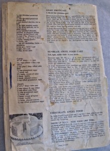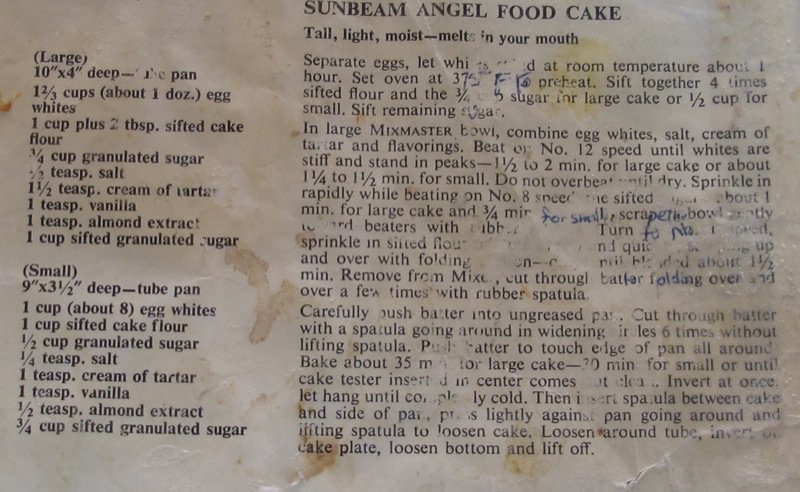 - one large angel food cake pan (if you have a small pan, the ingredient amounts for this are in the photocopied recipe, above)
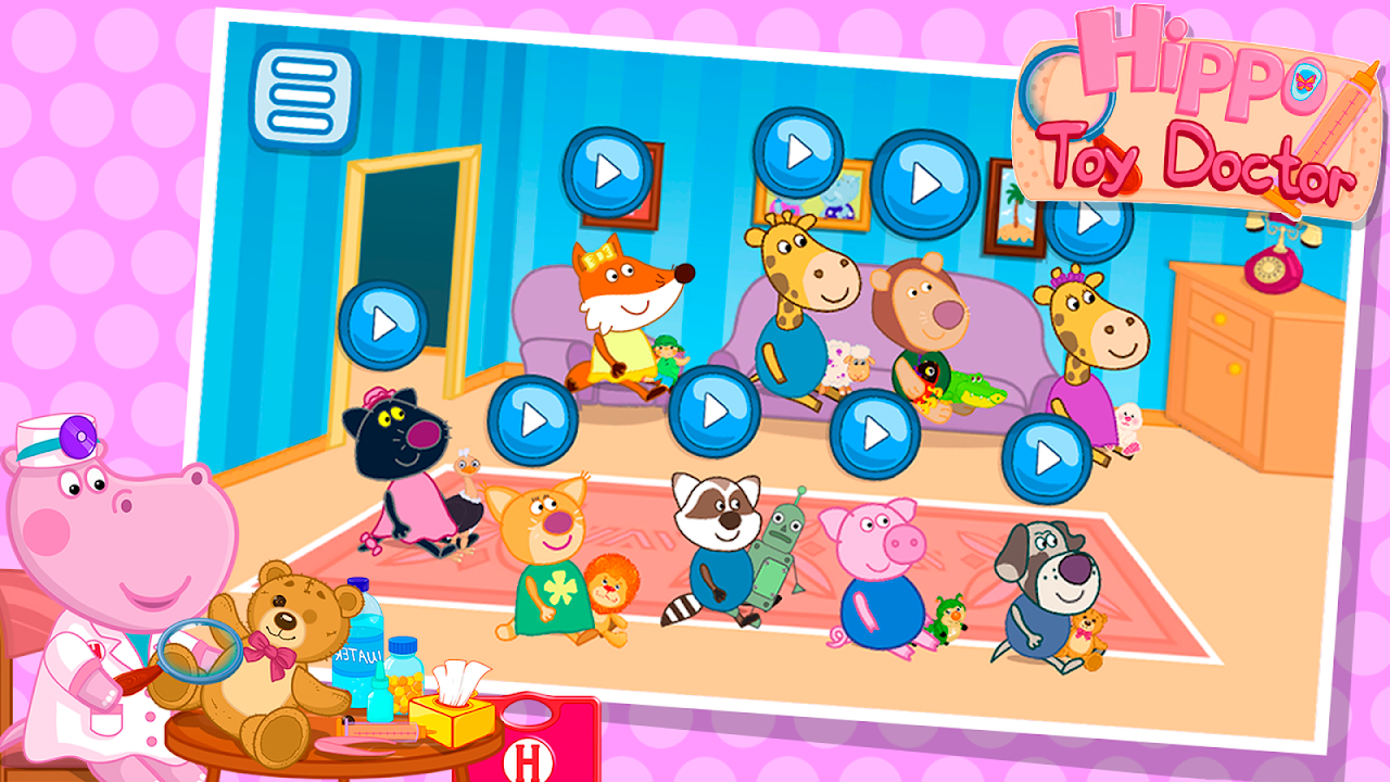 Kids doctor Hippo is always ready to heal dolls and toys in vet hospital
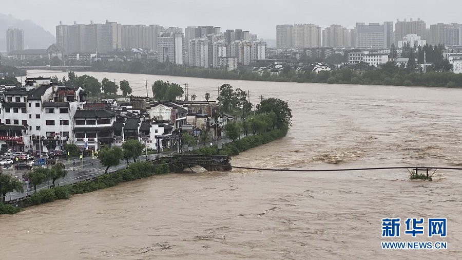 7月7日拍攝的被沖毀的黃山屯溪老大橋。當(dāng)日上午,安徽黃山屯溪老大橋被洪水沖垮毀壞。屯溪老大橋又叫鎮(zhèn)海橋,始建于明代。新華社發(fā)(施亞磊 攝)
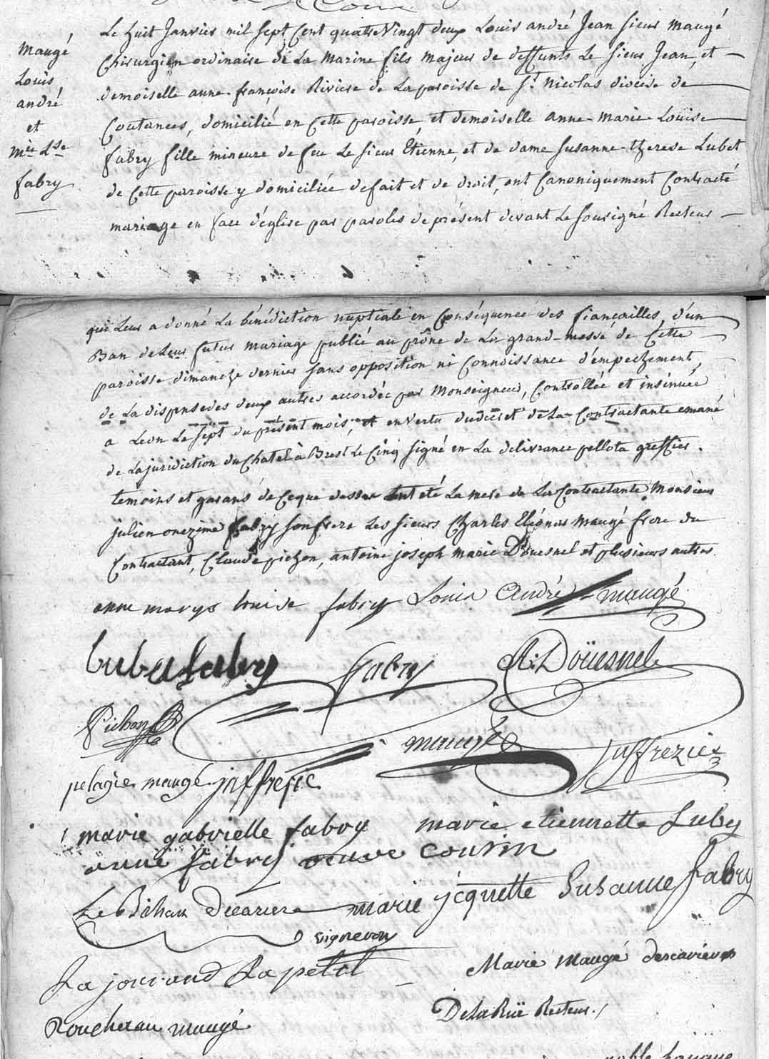 Publication : Documents divers provenant des Archives départementales du Finistère (Brest). Détails de la citation : B 2519. Note : Archives départementales du Finistère (Brest), cote B 2519 : Décret de mariage de Anne Marie Louise FABRY, fille de Étienne et de Suzanne LUBET, et de Louis André MAUGÉ, Chirurgien ordinaire de la Marine, du 2 janvier 1782. | | Mariage | 8 janvier 1782
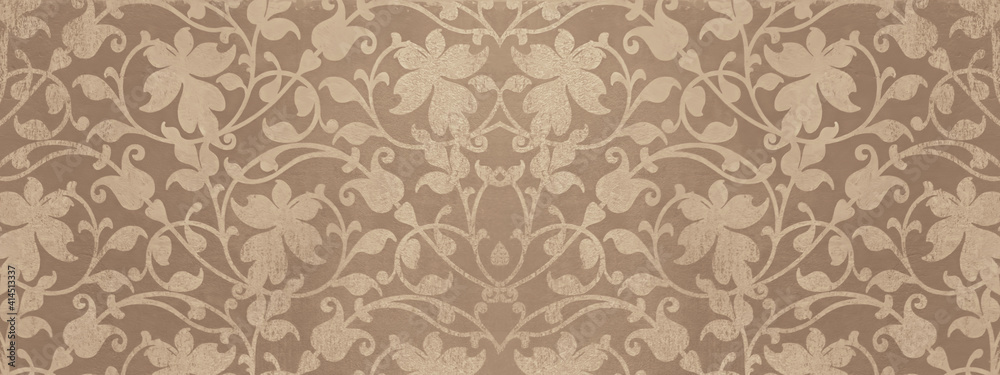 Old brown beige vintage grunge shabby damask floral flower leaf patchwork tiles stone concrete cement wallwallpaer texture background banner panorama
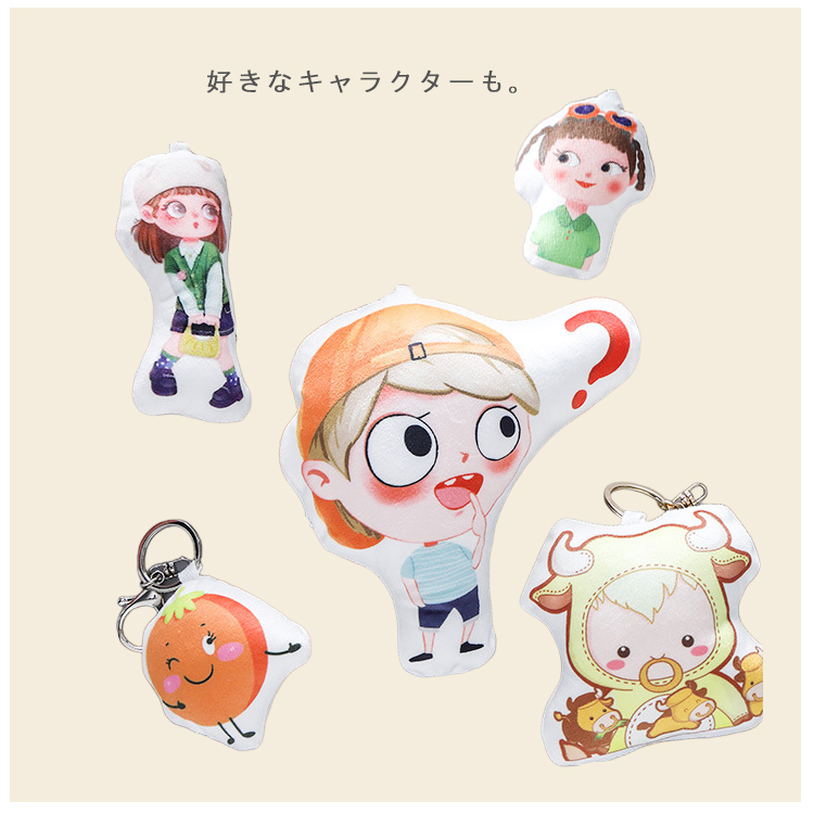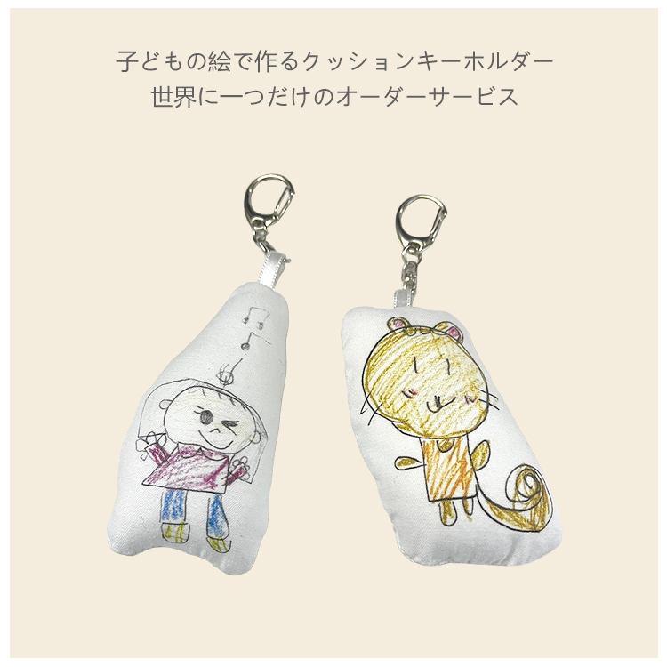 ふわふわとした触り心地の良いオリジナルクッションキーホルダー。
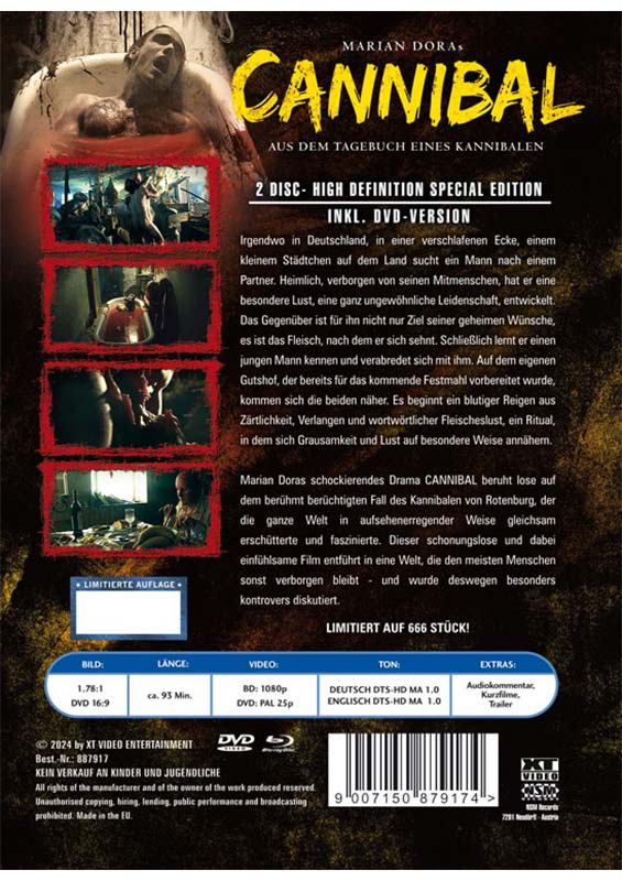 Marian Doras schockierendes Drama CANNIBAL beruht lose auf dem berühmt berüchtigten Fall des Kannibalen von Rotenburg, der die ganze Welt in aufsehenerregender Weise gleichsam erschütterte und faszinierte. Dieser schonungslose und dabei einfühlsame Film entführt in eine Welt, die den meisten Menschen sonst verborgen bleibt - und wurde deswegen besonders kontrovers diskutiert.
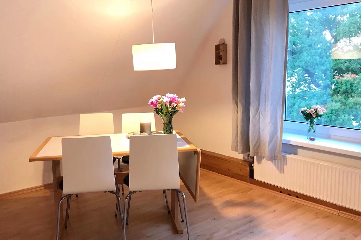 Die Ferienwohnung "Gudhjem" befindet sich im Dachgeschoss, verfügt über einen eigenen Eingang und ist über eine Treppe zugänglich.
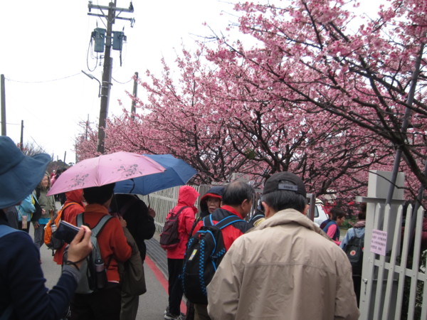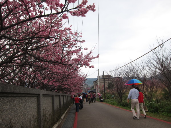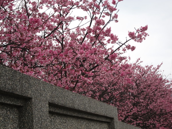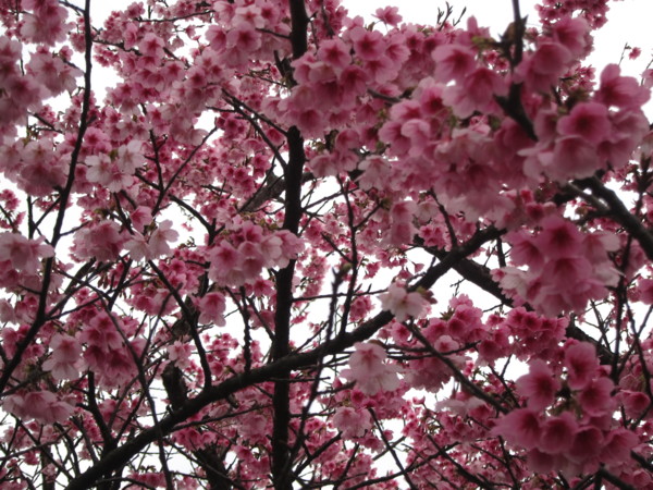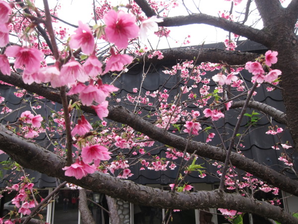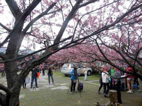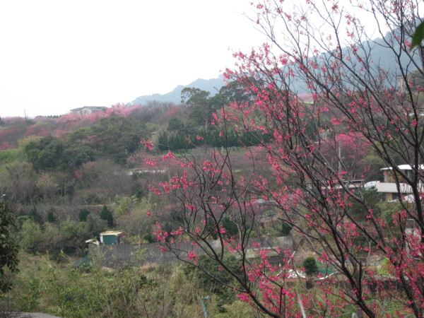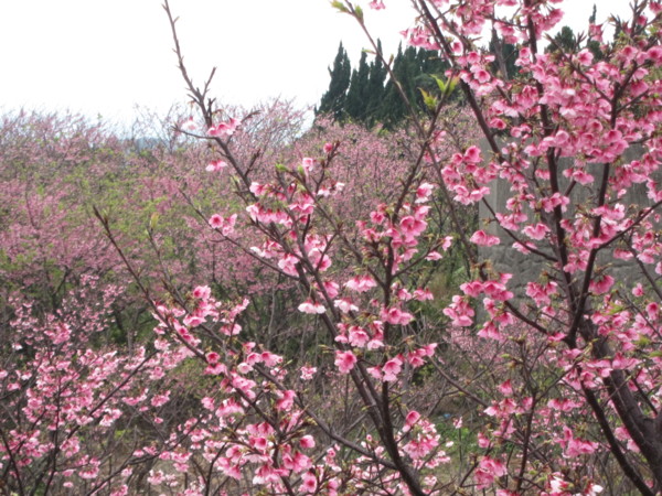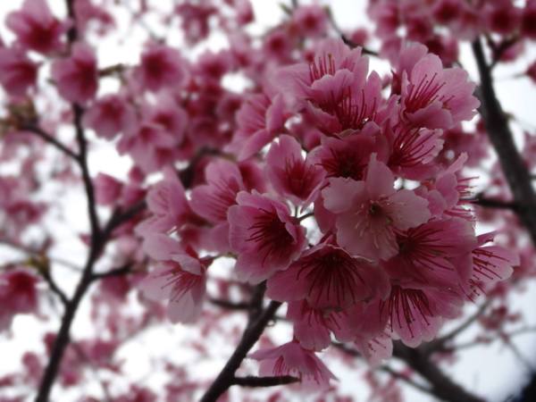 註:寒櫻,由寒緋櫻與山櫻或大島櫻雜交育成的品種,約於江戶時代後期開始栽培於日本關東以南地區,有早開的習性,在日本南部大約1月開花,所以稱為「寒櫻」。此品種開花期早、開花性良好,植株略能耐熱,因此引進栽培,在台北士林、北投的山區適應良好。
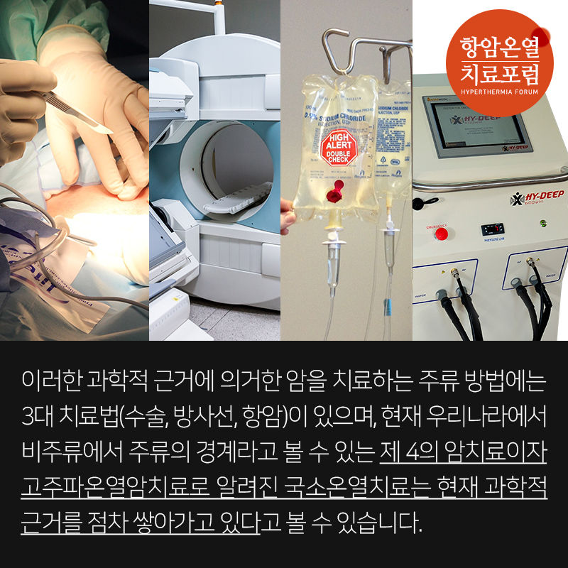 이러한 과학적 근거에 의거한 암을 치료하는 주류 방법에는 3대 치료법(수술, 방사선, 항암)이 있으며, 현재 우리나라에서 비주류에서 주류의 경계라고 볼 수 있는 제 4의 암치료이자 고주파온열암치료로 알려진 국소온열치료는 현재 과학적 근거를 점차 쌓아가고 있다고 볼 수 있습니다.
=====
WHAT TO PRODUCE →
All of the material above is to be copied exactly, with no pictures.

PROBLEM SOLUTION →
 - one large angel food cake pan (if you have a small pan, the ingredient amounts for this are in the photocopied recipe, above)
 Kids doctor Hippo is always ready to heal dolls and toys in vet hospital
 7月7日拍攝的被沖毀的黃山屯溪老大橋。當(dāng)日上午,安徽黃山屯溪老大橋被洪水沖垮毀壞。屯溪老大橋又叫鎮(zhèn)海橋,始建于明代。新華社發(fā)(施亞磊 攝)
 Publication : Documents divers provenant des Archives départementales du Finistère (Brest). Détails de la citation : B 2519. Note : Archives départementales du Finistère (Brest), cote B 2519 : Décret de mariage de Anne Marie Louise FABRY, fille de Étienne et de Suzanne LUBET, et de Louis André MAUGÉ, Chirurgien ordinaire de la Marine, du 2 janvier 1782. | | Mariage | 8 janvier 1782
 Old brown beige vintage grunge shabby damask floral flower leaf patchwork tiles stone concrete cement wallwallpaer texture background banner panorama
 ふわふわとした触り心地の良いオリジナルクッションキーホルダー。
 Marian Doras schockierendes Drama CANNIBAL beruht lose auf dem berühmt berüchtigten Fall des Kannibalen von Rotenburg, der die ganze Welt in aufsehenerregender Weise gleichsam erschütterte und faszinierte. Dieser schonungslose und dabei einfühlsame Film entführt in eine Welt, die den meisten Menschen sonst verborgen bleibt - und wurde deswegen besonders kontrovers diskutiert.
 Die Ferienwohnung "Gudhjem" befindet sich im Dachgeschoss, verfügt über einen eigenen Eingang und ist über eine Treppe zugänglich.
 註:寒櫻,由寒緋櫻與山櫻或大島櫻雜交育成的品種,約於江戶時代後期開始栽培於日本關東以南地區,有早開的習性,在日本南部大約1月開花,所以稱為「寒櫻」。此品種開花期早、開花性良好,植株略能耐熱,因此引進栽培,在台北士林、北投的山區適應良好。
 이러한 과학적 근거에 의거한 암을 치료하는 주류 방법에는 3대 치료법(수술, 방사선, 항암)이 있으며, 현재 우리나라에서 비주류에서 주류의 경계라고 볼 수 있는 제 4의 암치료이자 고주파온열암치료로 알려진 국소온열치료는 현재 과학적 근거를 점차 쌓아가고 있다고 볼 수 있습니다.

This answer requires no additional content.